Dr. Denny's son, Liam, just 18-months-old at the time, had an anaphylactic reaction to soy milk in 2008. Previous testing confirmed he was allergic to dairy, egg, peanuts and tree nuts, but Liam drank soy milk for months before his anaphylactic reaction. After drinking a cup of soy milk as he had done regularly for months, Liam immediately started coughing, vomiting, developed hives all over his body and slipped into unconsciousness after a few minutes. Dr. Denny's husband, also a physician, administered Liam's epinephrine auto injector then immediately called 911. Much to the Denny's relief, medics arrived quickly.

"Thankfully, in the 10-minute ride in the ambulance to Nationwide Children's Hospital, the epinephrine started to work and by the time we got to the Emergency Department he was sitting up on my lap, waving to the nurses," recalled Dr. Denny, also a faculty member at The Ohio State University College of Medicine. "Had we not had an epinephrine auto injector at home, I don't know that we would have been so lucky."

The School Access to Emergency Epinephrine Act, signed by the President last month, provides states federal grants if schools maintain a supply of epinephrine, and trains school employees to administer the drug in an emergency. Additionally, the bill provides civil-liability protection for those who administer epinephrine in an emergency.

David Stukus, MD, an allergist at Nationwide Children's said, "This issue has to be addressed where kids are most vulnerable to an attack. Approximately 90 percent of all schools have one or more students with a food allergy, and about 25 percent of life-threatening food allergy reactions reported at schools occurred in children with no prior history of food allergies."

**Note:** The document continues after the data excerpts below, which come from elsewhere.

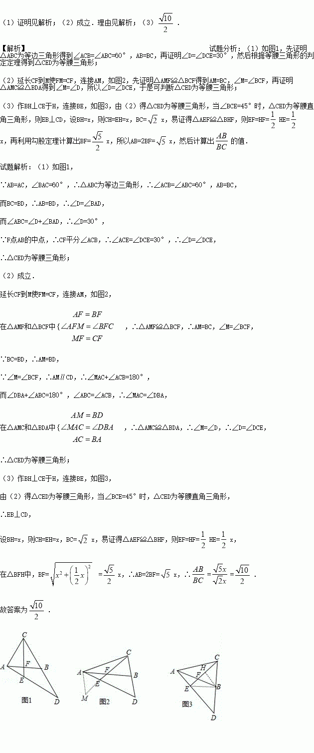 (1)如图1,若∠BAC=60°,求证:△CED为等腰三角形
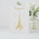 Numere suas mesas de recepção com uma placa de mesa de Recepção de Casamento tema damasco de Torre Eiffel Dourada. O design de placa de mesa apresenta a Torre Eiffel sobre um delicado fundo do local úmido. Material adicional disponível com esta design também.
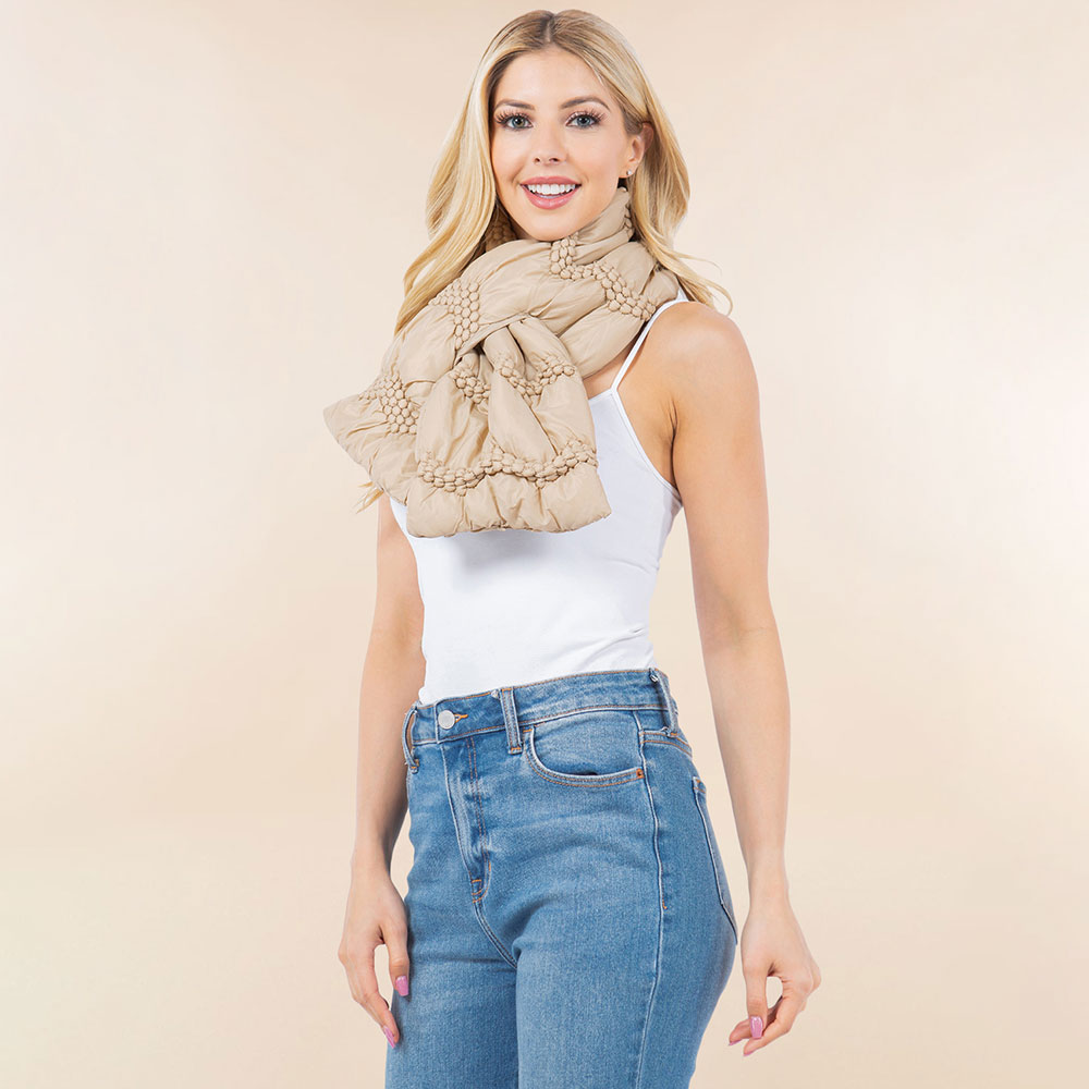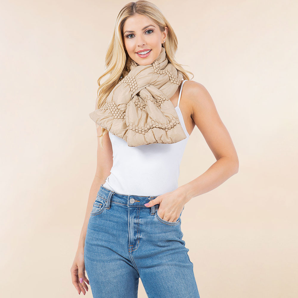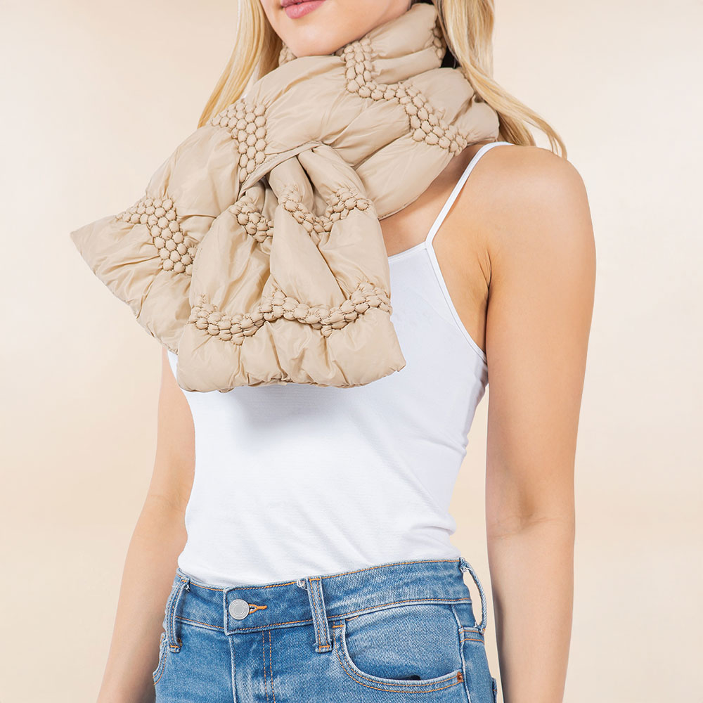 Details • Size : One Size • Material : 100% Polyester • Add warmth and texture to your winter look with this quilted puff scarf. Featuring intricate stitching and a soft, voluminous design, it's the perfect cold-weather accessory for effortless comfort and style.

"Epinephrine in schools should not replace your family's own individualized allergy treatment plan that you make with your allergist and school," said Dr. Stukus, also a faculty member at The Ohio State University College of Medicine. "This act is most critical for students who may not yet have been diagnosed, or for those with known food allergies who, for whatever reason, do not have self-injectable epinephrine immediately available. When a child has a severe allergic reaction, seconds are crucial because timely administration of epinephrine is the single most important way to save lives, and this act will help schools do just that."